To further improve noise, Rick and I are also working on changes to the PCB layout. My analog skills are growing and I am now working methodically. It’s nice to learn some new skills, useful for other radio projects as well. Satisfying.

Testing Between Two Radios

Next step is to see how the SM1000 performs over real radios. In particular how does it go with nearby RF energy? Does the uC reset itself, is there RF noise getting into the sensitive microphone amplifier and causing runaway feedback in analog mode? Also user set up issues: how easy is it to interface to the mic input of a radio? Is the level reaching the radio mic input OK?

The first step was to connect the SM1000 to a FT817 as the transmit radio, then to a IC7200 via 100dB of attenuation. The IC7200 receive audio was connected to a laptop running FreeDV. The FT817 was set to 0.5W output so I wouldn’t let the smoke out of my little in-line attenuators. This worked pretty well, and I obtained SNRs of up to 20dB from FreeDV. It’s always a little lower through real radios, but that’s acceptable. The PTT control from the SM1000 worked well. It was at this point that I heard some noises using the SM1000 in “analog” mode that I chased down as described above.

At the IC7200 output I recorded this file demonstrating audio using the stock FT817 MH31 microphone, the SM1000 used in analog mode, and the SM1000 in DV mode. The audio levels are unequal (MH31 is louder), but I am satisfied there are no strange noises in the SM1000 audio (especially in analog mode) when compared to the MH31 microphone. The levels can be easily tweaked.

Then I swapped the configuration to use the IC7200 as the transmitter. This has up to 100W PEP output, so I connected it to an end fed dipole, and used the FT817 with the (non-resonant) VHF antenna as the receiver. It took me a while to get the basic radio configuration working. Even with the stock IC7200 mic I could hear all sorts of strange noises in the receive audio due to the proximity of the two radios. Separating them (walking up the street with the FT817) or winding the RF gain all the way down helped.

However the FreeDV SNR was quite low, a maximum of 15dB. I spent some time trying to work out why but didn’t get to the bottom of it. I suspect there is some transmit pass-band filtering in the IC7200, making some FDMDV carriers a few dB lower than others. Note x-shaped scatter diagram and sloped spectrum below:

However the main purpose of these tests was to see how the SM1000 handled high RF fields. So I decided to move on.

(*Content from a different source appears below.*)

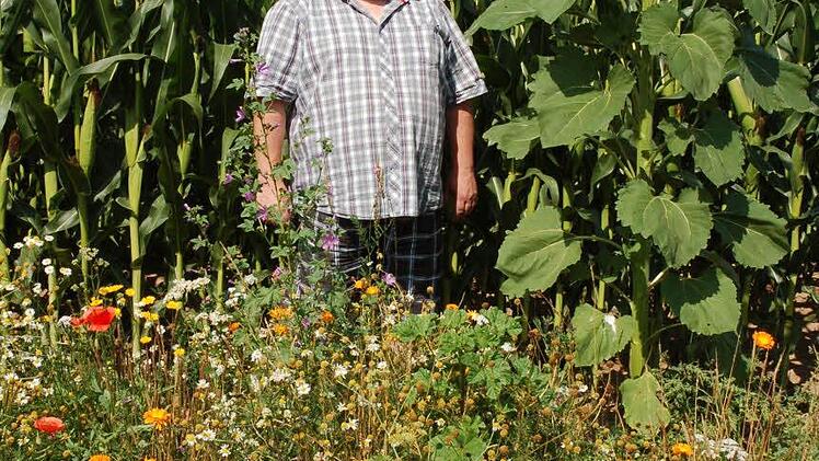 Wenn Gerhard Jöchner vor seinem Maisfeld steht, umgibt ihn eine reiche Blütenpracht. Er ist einer der Gemündaer Landwirte, die in Zusammenarbeit mit dem Imkereiverein um ihre Maisfelder umfangreiche Blühstreifen angelegt haben. Um Imkern und Natur ein wenig zu helfen, nehmen diese Bauern Ertragseinbußen in Kauf.
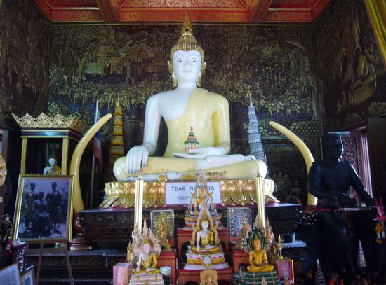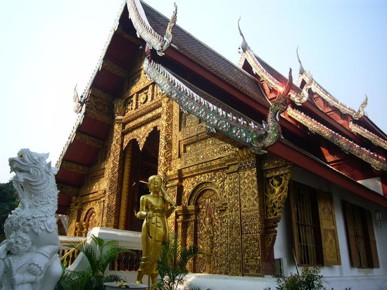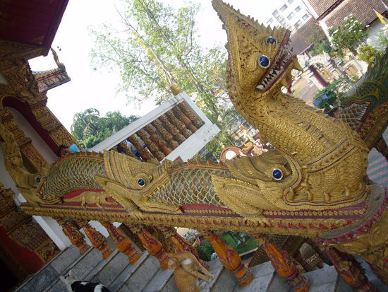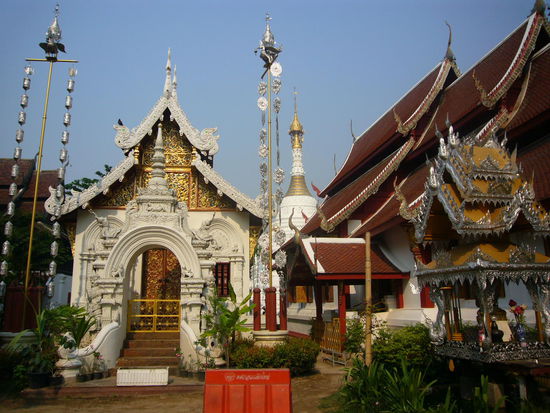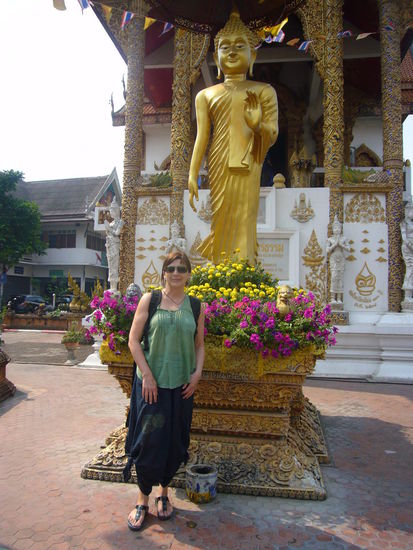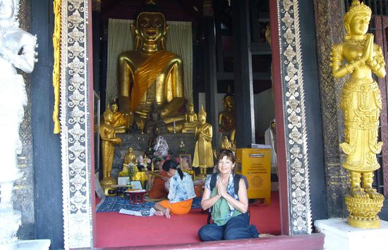 Mein kleines Zimmer im Sabai-Garden ist untertags so heiß, dass ich mich nicht aufhalten kann, aber gottseidank wird es in der späten Nacht wenigstens kühl. Die zweite Nacht war überraschenderweise sehr ruhig. Die schnatternden Nachbarn waren eingesperrt und beim Cocktailbus Low-Season. So bin ich heute sehr früh aufgestanden und habe mich auf den Weg gemacht um mir die Tempel in der City anzusehen. Ich kenne bis jetzt nur die Tempelanlagen in der Altstadt.

I tested a bunch of different combinations, all with good results:

  • IC7200 with stock HM36 mic, SM1000 in analog mode, SM1000 in DV mode (high and low drive)
  • Radios tuned to 7.05, 14.235 and 28.5 MHz.
  • Tested with IC7200 and SM1000 running from the same 12V battery (breaking transformer isolation).
  • Had a 1m headphone cable plugged into the SM1000 act as an additional “antenna”.
  • Rigged up an adaptor to plug the FT817 MH31 mic into the CN5 “ext mic” connector on the SM1000. Total of 1.5m in mic lead, so plenty of opportunity for RF pick up.
  • Running full power into low and 3:1 SWR loads. (Matt, VK5ZM suggested high SWR loads is a harsh RF environment).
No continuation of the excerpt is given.